───── Data segment

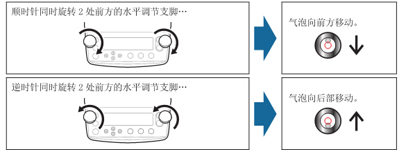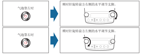 2旋轉左右水平調節(jié)支腳,使水平儀的氣泡位于左右的中央,此時,氣泡即使前后偏離也沒有問題。
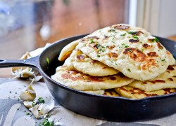 Heat a cast iron skillet over medium-high heat (you need a hot pan, but do make sure you’re not burning your bread; go by your instincts for your stove and skillet). Brush both sides of the naan with melted butter or olive oil. You can also sprinkle on seasonings of your choice at this point. Place the naan on the hot skillet, cover with a lid and cook for 1 minute, until you see bubbles starting to form. Flip and cook for 1-2 minutes on the other side, until toasted spots appear where the bubbles formed. Brush with a bit more butter if desired, then sprinkle with a little kosher salt, fresh cilantro or other herbs. Repeat with the rest of the naan.
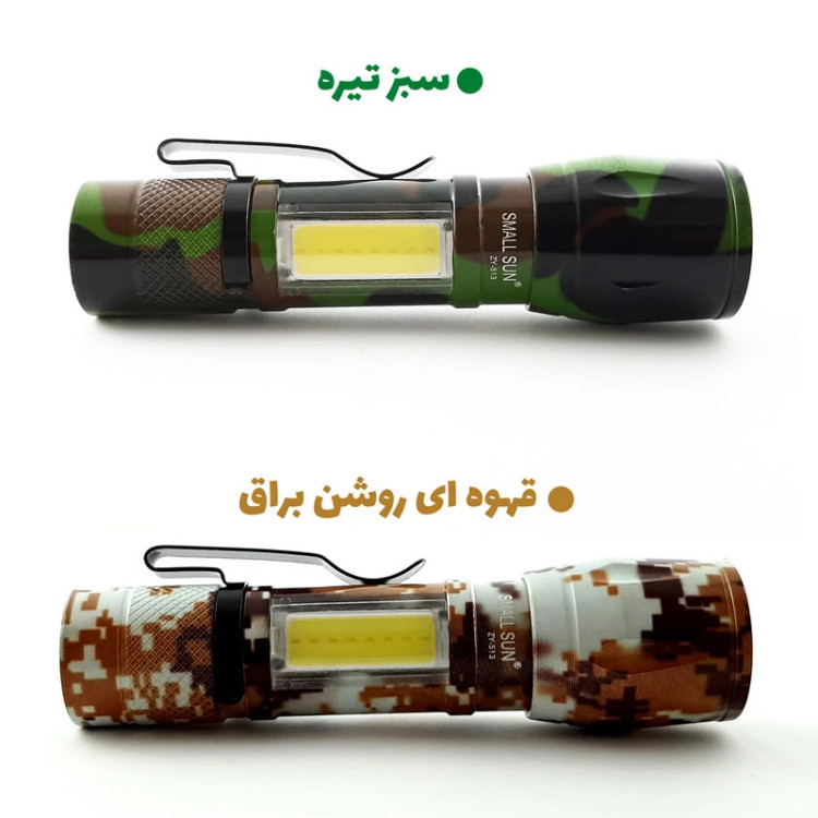 امروزه چراغ قوه به یک وسیله لازم و کاربردی تبدیل شده است، بخصوص برای افرادی که اهل طبیعتگردی و کوهنوردی هستند داشتن چنین وسیله ایی بسیار کارآمد بوده است. یکی ازین چراغ قوه ها، چراغ قوه طرح نظامی اسمال سان مدل ZY-513 می باشد که از لحاظ کیفیت و روشنایی و برد نور در رده ی بالایی قرار دارد، و می تواند بهترین وسیله برای کوهنوردی، کمپینگ و .. باشد و از آن نهایت لذت را تجربه خواهید کرد.جنس بدنه چراغ قوه طرح نظامی اسمال سان مدل ZY-513 از آلیاژ آلومینیوم محکم است و بسیار مقاوم در برابر ضربه می باشد. این چراغ قوه از دو لامپ بسیار قوی و شفاف از نوع COB+XPE تشکیل شده است که با جرات می توان گفت که طول عمر این لامپ ها بیش از 100 هزار ساعت می باشد، یک لامپ در جلوی چراغ قوه به عنوان لامپ اصلی و دارای دو حالت نوردهی مستمر و تناوبی و یک لامپ در کنار بدنه چراغ قوه با یک حالت نوردهی قوی می باشد. چراغ قوه نظامی اسمال سان مدل ZY-513 از لحاظ برد نور و میزان روشنایی نیز در رده بالایی قرارر دارد به طوریکه برد نور آن 100 متر و میزان روشنایی آن بین 200 لومن می باشد. قابلیلت زوم کردن چراغ قوه قوی اسمال سان، این امکان را به شما می دهد تا با دید گسترده تر محیط اطرافتان را مشاهده کنید، از مزیت های دیگر چراغ قوه پرنور اسمال سان، مقاومت آن در برابر آب است و شما می توانید با خیال راحت در مواقع بارانی و یا حتی محیط مرطوب نیز از آن استفاده کافی را ببرید، همچنین دارای یک گیره نگهدارنده برای استفاده آسانتر و جلوگیری از آسیب به آن است که حالت خودکاری زیبایی هم به چراغ قوه داده است.نحوه شارژ چراغ قوه نظامی اسمال سان مدل ZY-513 توسط کابل یو اس بی می باشد.
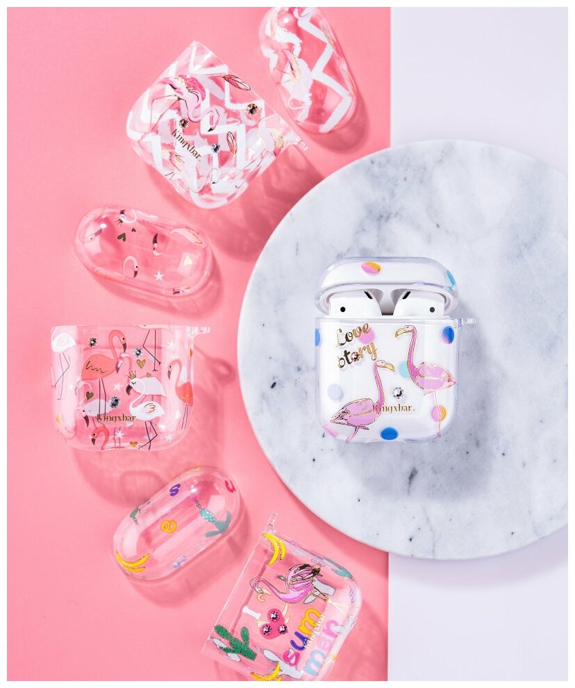 Чехол Kingxbar Flamingo для Apple Airpods Feather интересное:

──────────

Assignment - Every line of the data above should be returned exactly, with the pictures removed.

Exercise answer -
 2旋轉左右水平調節(jié)支腳,使水平儀的氣泡位于左右的中央,此時,氣泡即使前后偏離也沒有問題。
 Heat a cast iron skillet over medium-high heat (you need a hot pan, but do make sure you’re not burning your bread; go by your instincts for your stove and skillet). Brush both sides of the naan with melted butter or olive oil. You can also sprinkle on seasonings of your choice at this point. Place the naan on the hot skillet, cover with a lid and cook for 1 minute, until you see bubbles starting to form. Flip and cook for 1-2 minutes on the other side, until toasted spots appear where the bubbles formed. Brush with a bit more butter if desired, then sprinkle with a little kosher salt, fresh cilantro or other herbs. Repeat with the rest of the naan.
 امروزه چراغ قوه به یک وسیله لازم و کاربردی تبدیل شده است، بخصوص برای افرادی که اهل طبیعتگردی و کوهنوردی هستند داشتن چنین وسیله ایی بسیار کارآمد بوده است. یکی ازین چراغ قوه ها، چراغ قوه طرح نظامی اسمال سان مدل ZY-513 می باشد که از لحاظ کیفیت و روشنایی و برد نور در رده ی بالایی قرار دارد، و می تواند بهترین وسیله برای کوهنوردی، کمپینگ و .. باشد و از آن نهایت لذت را تجربه خواهید کرد.جنس بدنه چراغ قوه طرح نظامی اسمال سان مدل ZY-513 از آلیاژ آلومینیوم محکم است و بسیار مقاوم در برابر ضربه می باشد. این چراغ قوه از دو لامپ بسیار قوی و شفاف از نوع COB+XPE تشکیل شده است که با جرات می توان گفت که طول عمر این لامپ ها بیش از 100 هزار ساعت می باشد، یک لامپ در جلوی چراغ قوه به عنوان لامپ اصلی و دارای دو حالت نوردهی مستمر و تناوبی و یک لامپ در کنار بدنه چراغ قوه با یک حالت نوردهی قوی می باشد. چراغ قوه نظامی اسمال سان مدل ZY-513 از لحاظ برد نور و میزان روشنایی نیز در رده بالایی قرارر دارد به طوریکه برد نور آن 100 متر و میزان روشنایی آن بین 200 لومن می باشد. قابلیلت زوم کردن چراغ قوه قوی اسمال سان، این امکان را به شما می دهد تا با دید گسترده تر محیط اطرافتان را مشاهده کنید، از مزیت های دیگر چراغ قوه پرنور اسمال سان، مقاومت آن در برابر آب است و شما می توانید با خیال راحت در مواقع بارانی و یا حتی محیط مرطوب نیز از آن استفاده کافی را ببرید، همچنین دارای یک گیره نگهدارنده برای استفاده آسانتر و جلوگیری از آسیب به آن است که حالت خودکاری زیبایی هم به چراغ قوه داده است.نحوه شارژ چراغ قوه نظامی اسمال سان مدل ZY-513 توسط کابل یو اس بی می باشد.
 Чехол Kingxbar Flamingo для Apple Airpods Feather интересное:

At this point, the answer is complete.